В начале «Серебряного века» борьба по линии раздела «модернизм — критический реализм» шла уже не столько вокруг идей, как во многом «художественного метода»[163] Достоевского, его роли в истории русской литературы и общественной мысли. Здесь следует выделить позицию символистов, на поэзию и прозу которых Достоевский, несомненно, оказывал значительное влияние, хотя оно и не было столь значительным, как у его западноевропейских поклонников. Писатели, развивавшие традиции русского критического реализма, как правило декларировали свое неприязненное отношение к Достоевскому. В философских же кругах, напротив, он был поднят на щит как мыслитель, заново открывший религиозные корни человеческой морали во всех ее аспектах и вытекающую отсюда незыблемость ее основ, обнаживший те провалы и бездны, которые ожидают человека и человечество, пытающихся пересмотреть эти основы[164].

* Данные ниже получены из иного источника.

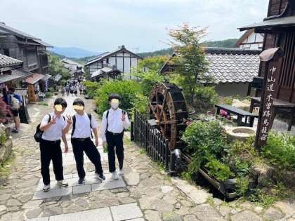 馬籠の宿場町をブラブラ。大阪とは違った風景に、ゆったりした気持ちになります。ここではお土産購入も可です。さあ、これからお家の人が待っている大阪、東三国に帰ります。

В лагере писателей-символистов, несмотря на интерес к Достоевскому отношение к его личности было двояким: ему и курили фимиам и жестко критиковали. Так, например, Андрей Белый, роман которого «Петербург» по мнению литературоведов насыщен реминисценциями из произведений Достоевского [МАКАРИЧЕВА], [ГАРИЧЕВА], в статье «Ибсен и Достоевский» (1905) утверждал, что:
Достоевский был политиканствующим мистиком. Ужасное соединение! <…> Хулиганство и черносотенность окружили его имя ореолом мрачным и жестким («жестокий талант»!). Вот почему религиозная тайна его души осквернена политиканством. <…> Достоевский семенил дробной походкой петербургского обывателя. И российская словесность засеменила вслед за ним. Таково обаяние этого таланта. Таков непоправимый ущерб, нанесенный им отечественному искусству [РОНЕН].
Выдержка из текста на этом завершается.